[Data records]
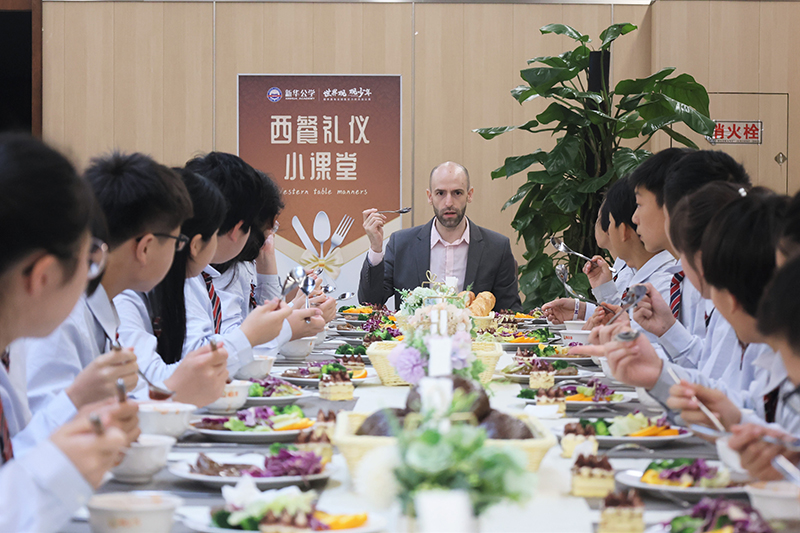 學(xué)校以研究性學(xué)習(xí)為手段,以探究性合作為提升點,以跨學(xué)科融合為思維訓(xùn)練模式,結(jié)合學(xué)科教學(xué)本身特點和規(guī)律深入開展“項目制學(xué)習(xí)”(PBL),促進學(xué)生學(xué)養(yǎng)、素養(yǎng)、品位的全面提升。同時,積極構(gòu)建科、藝、體、衛(wèi)、人文融合校本課程,培養(yǎng)興趣、發(fā)展特長、形成專長,提高學(xué)習(xí)能力和綜合素養(yǎng),推動育人高質(zhì)量發(fā)展。目前,學(xué)校已形成種類更多,層次更高,特色更明的ECP課程體系,在滿足學(xué)生學(xué)習(xí)需要的同時,培養(yǎng)興趣、發(fā)展特長、形成專長。學(xué)校鼓勵教師弘揚“文雅、優(yōu)雅、高雅”三雅氣質(zhì),讓教師爭做學(xué)生喜歡和敬佩的老師,倡導(dǎo)學(xué)生展現(xiàn)“禮貌、禮儀、禮節(jié)”三禮風(fēng)采,讓學(xué)生找到好孩子的感覺,增強學(xué)校內(nèi)生活力。學(xué)校獨創(chuàng)的西餐禮儀小課堂,實現(xiàn)禮儀教育“課程化”,每個孩子收獲的不僅有知識、樂趣、體驗,還有詩和遠(yuǎn)方的品位,學(xué)生喜歡,家長贊嘆。
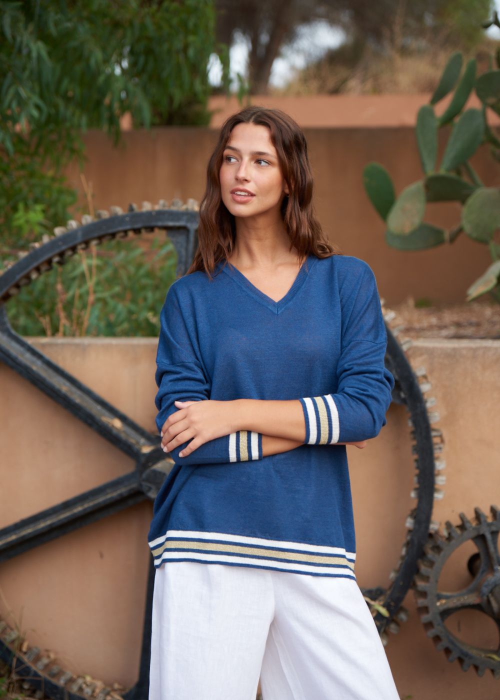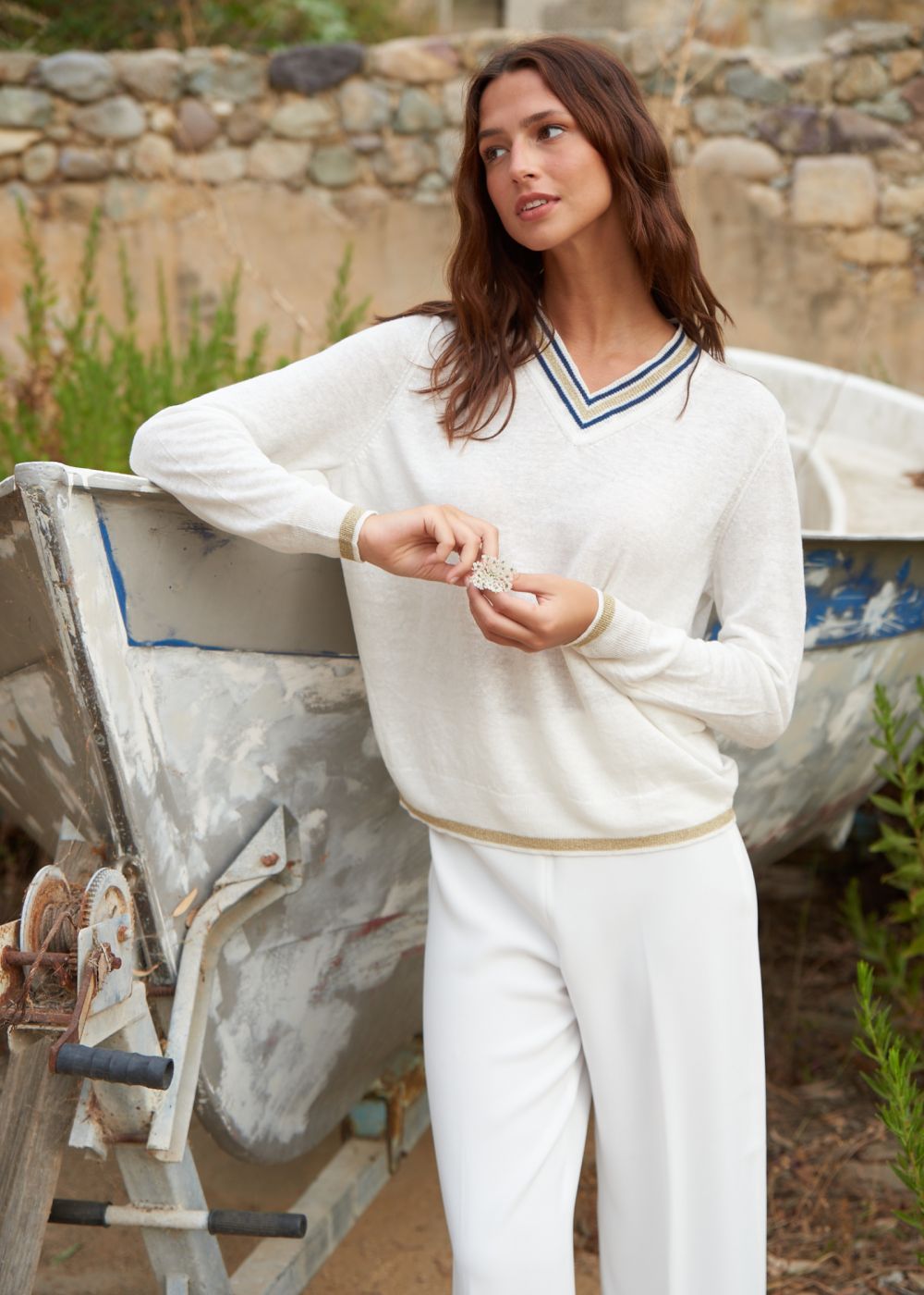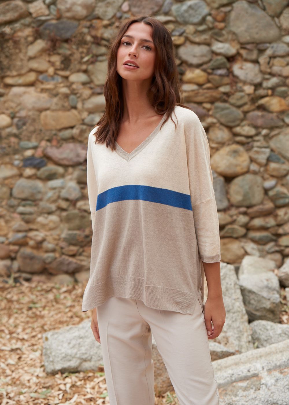 Robe 1/2 manches rayé en bas détail lurex I 100% Lin
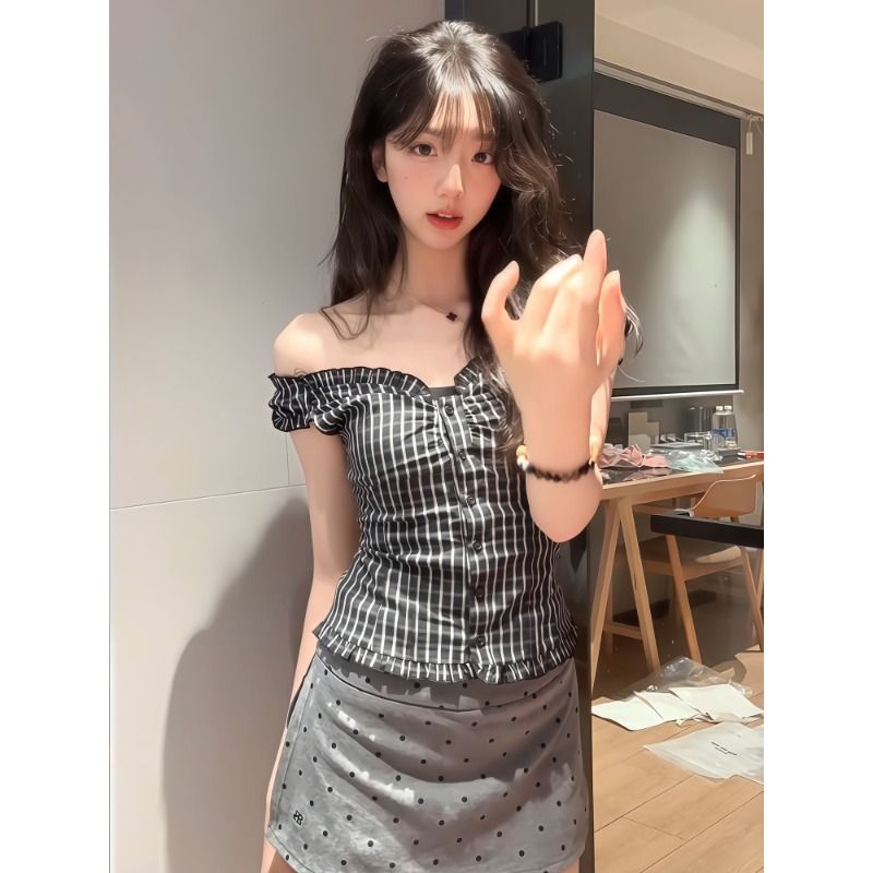 아름다운 오프숄더 체크무늬 여성 셔츠 여름 새로운 둘 착용 오프숄더 셔츠 섹시함 맨위
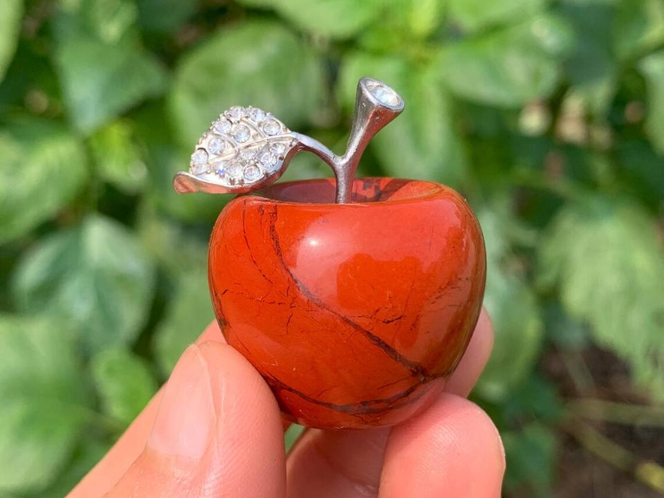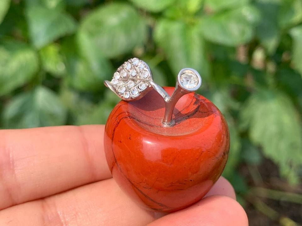 แอปเปิ้ลคริสตัลแกะสลักด้วยมือจากหินแจสเปอร์สีแดง หินบำบัดธรรมชาติ อัญมณีตกแต่งบ้าน ของขวัญเสริมฮวงจุ้ย ขนาด 1.3 นิ้ว
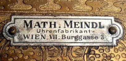 C.1905, Austrian, Mathias Meindl, Burgasse 3, Wien VII, 2-weight Vienna Regulator with signed movement, dial and beat scale. Condition: the top trim is from a chair back, doweled to fit the case; no extra holes in case top. There is a hole in the upper case back where the case was nailed to a wall (minor but present). Otherwise, the clock is original throughout and made by an Uhrmacher at a famous location, since there is to this day a clock shop at the same address, Burgasse 3, with the name Schmollgruber-Uhren. Height 45 inches
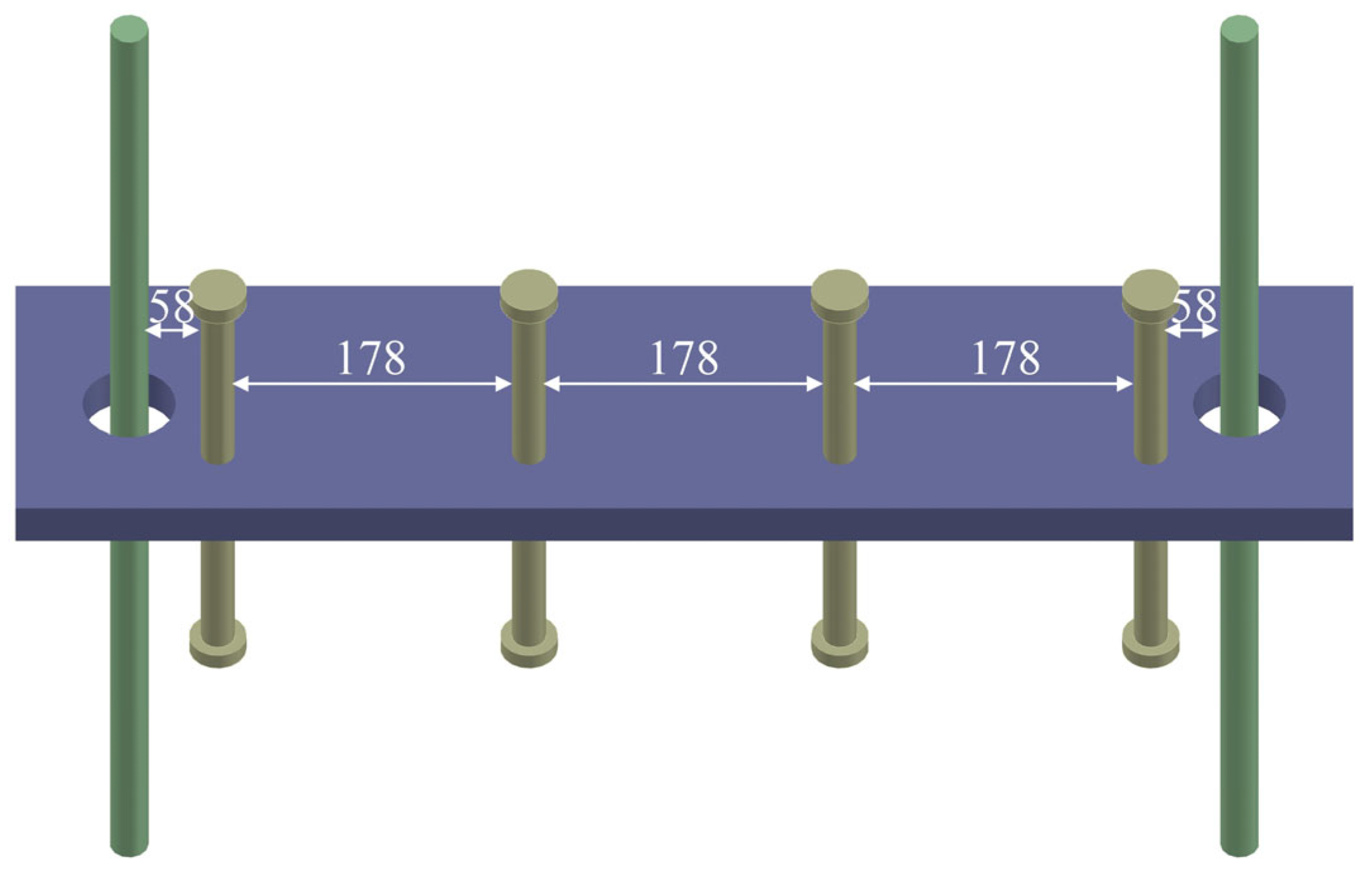 - Fang, Z.C.; Jiang, H.B.; Chen, G.F.; Dong, X.T.; Shao, T.F. Behavior of grouped stud shear connectors between precast high-strength concrete slabs and steel beams. Steel Compos. Struct. Int. J. 2020, 34, 837–851. [Google Scholar]
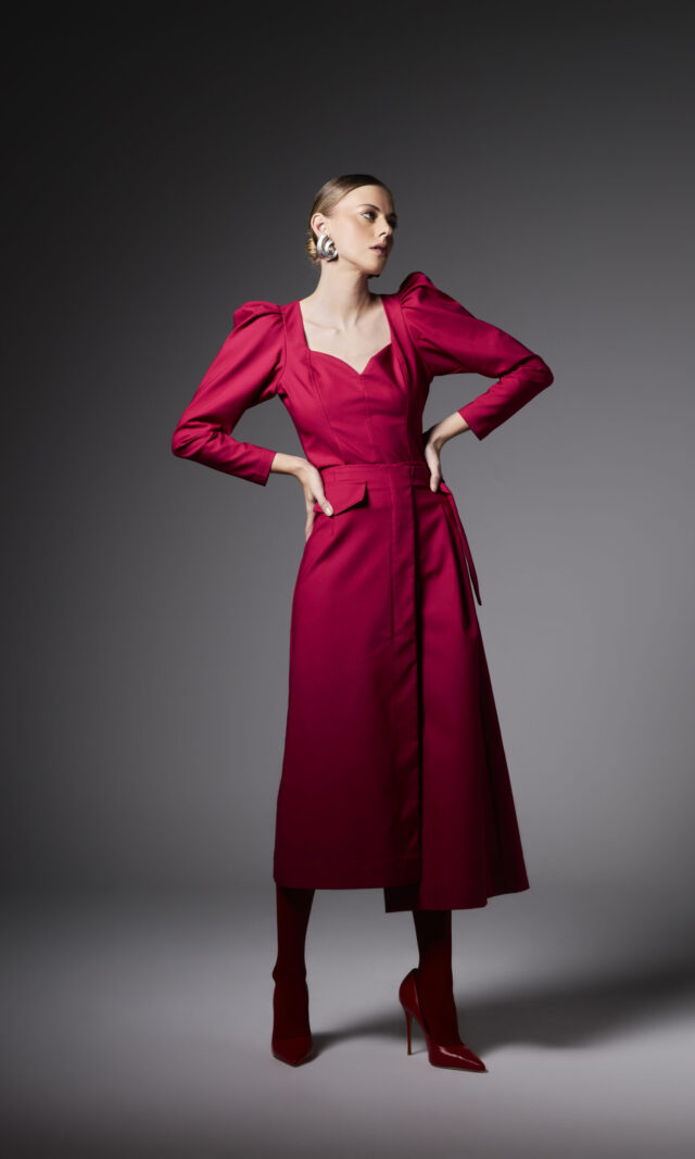 SAIA MIDI KATHERINE de Cotton Dense Span tem um design feminino e moderno. O comprimento midi com barra assimétrica, confere um toque contemporâneo e sofisticado ao visual. Possui lapelas que adicionam um detalhe elegante, além de uma faixa cinto que destaca a cintura e completa o look com estilo.

**Prompt:** In the records above, find the line with "아름다운 오프숄더 체크무늬" and the line with "C.1905, Austrian, Mathias"; please transcribe exactly those two lines and all lines between them, omitting any picture.

**Answer space:**
 아름다운 오프숄더 체크무늬 여성 셔츠 여름 새로운 둘 착용 오프숄더 셔츠 섹시함 맨위
 แอปเปิ้ลคริสตัลแกะสลักด้วยมือจากหินแจสเปอร์สีแดง หินบำบัดธรรมชาติ อัญมณีตกแต่งบ้าน ของขวัญเสริมฮวงจุ้ย ขนาด 1.3 นิ้ว
 C.1905, Austrian, Mathias Meindl, Burgasse 3, Wien VII, 2-weight Vienna Regulator with signed movement, dial and beat scale. Condition: the top trim is from a chair back, doweled to fit the case; no extra holes in case top. There is a hole in the upper case back where the case was nailed to a wall (minor but present). Otherwise, the clock is original throughout and made by an Uhrmacher at a famous location, since there is to this day a clock shop at the same address, Burgasse 3, with the name Schmollgruber-Uhren. Height 45 inches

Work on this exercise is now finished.